A Reinforcement Learning Based Transmission Parameter Selection and Energy Management for Long Range Internet of Things.

机构信息

Laboratory of Information and Communication Technologies (LabTIC), Ecole Nationale des Sciences Appliquées de Tanger, Abdelmalek Essaadi University, Tangier BP 1818, Morocco.
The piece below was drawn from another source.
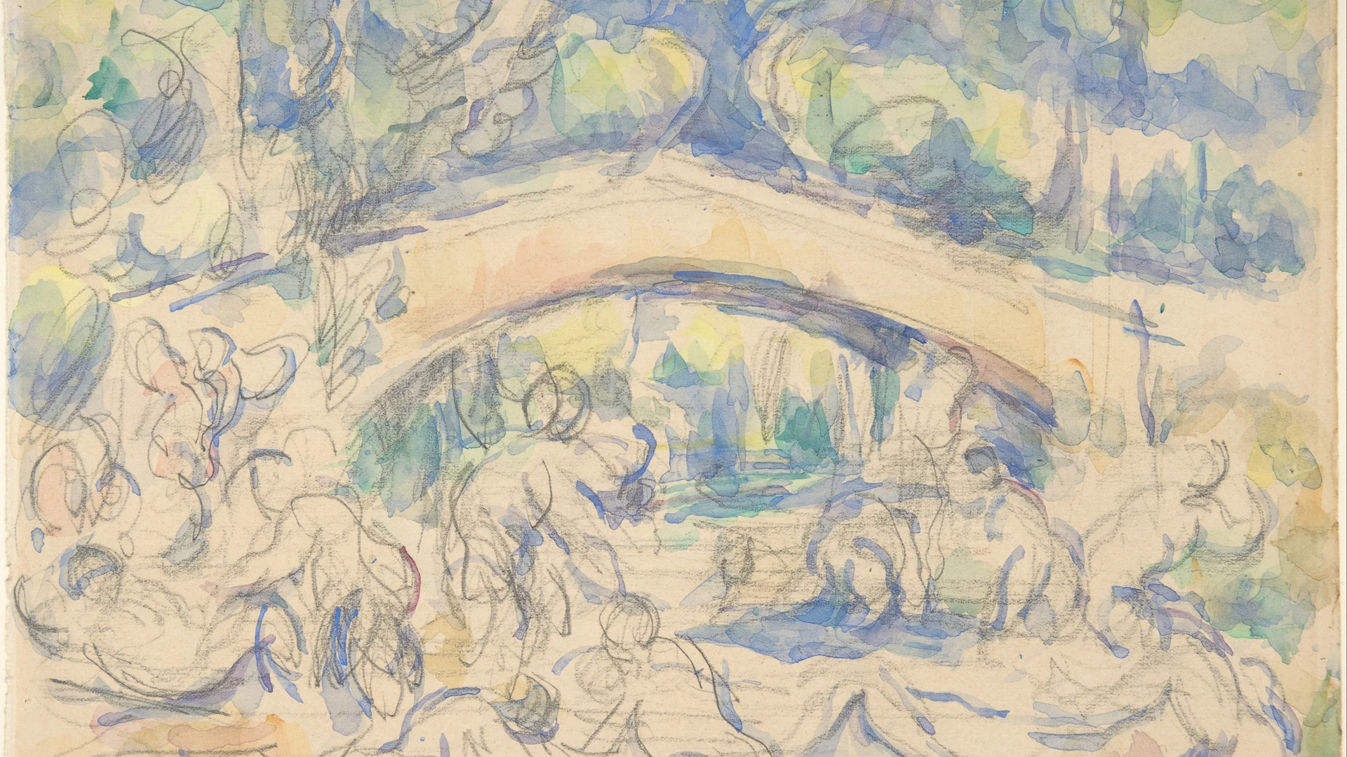 Free Bathers Under a Bridge (recto); Study after Houdon's Ecorché (verso) wallpaper in tablet resolution (1920x1080). Beautiful abstract background for your screen. No signup required.

Department of Automation, Electrical Engineering and Electronic Technology, Universidad Politécnica de Cartagena, Plaza del Hospital 1, 30202 Cartagena, Spain.

出版信息

Sensors (Basel). 2022 Jul 28;22(15):5662. doi: 10.3390/s22155662.

DOI:10.3390/s22155662
PMID:35957217
原文链接:https://pmc.ncbi.nlm.nih.gov/articles/PMC9371200/
Abstract

Internet of Things (IoT) landscape to cover long-range applications. The LoRa-enabled IoT devices adopt an Adaptive Data Rate-based (ADR) mechanism to assign transmission parameters such as spreading factors, transmission energy, and coding rates. Nevertheless, the energy assessment of these combinations should be considered carefully to select an accurate combination. Accordingly, the computational and transmission energy consumption trade-off should be assessed to guarantee the effectiveness of the physical parameter tuning. This paper provides comprehensive details of LoRa transceiver functioning mechanisms and provides a mathematical model for energy consumption estimation of the end devices EDs. Indeed, in order to select the optimal transmission parameters. We have modeled the LoRa energy optimization and transmission parameter selection problem as a Markov Decision Process (MDP). The dynamic system surveys the environment stats (the residual energy and channel state) and searches for the optimal actions to minimize the long-term average cost at each time slot. The proposed method has been evaluated under different scenarios and then compared to LoRaWAN default ADR in terms of energy efficiency and reliability. The numerical results have shown that our method outperforms the LoRa standard ADR mechanism since it permits the EDs to gain more energy. Besides, it enables the EDs to stand more, consequently performing more transmissions.

摘要

物联网(IoT)的应用场景涵盖了远程应用。启用 LoRa 的物联网设备采用自适应数据速率(ADR)机制来分配传输参数,如扩频因子、传输能量和编码率。然而,这些组合的能量评估应该仔细考虑,以选择准确的组合。因此,应该评估计算和传输能量消耗之间的权衡,以保证物理参数调整的有效性。本文提供了 LoRa 收发器功能机制的全面细节,并为端设备 ED 的能量消耗估计提供了数学模型。实际上,为了选择最佳的传输参数,我们将 LoRa 能量优化和传输参数选择问题建模为一个马尔可夫决策过程(MDP)。动态系统会监测环境统计数据(剩余能量和信道状态),并搜索最佳操作,以在每个时隙内最小化长期平均成本。该方法已在不同场景下进行了评估,并在能量效率和可靠性方面与 LoRaWAN 默认 ADR 进行了比较。数值结果表明,我们的方法优于 LoRa 标准 ADR 机制,因为它允许 ED 获得更多的能量。此外,它使 ED 能够站得更稳,从而进行更多的传输。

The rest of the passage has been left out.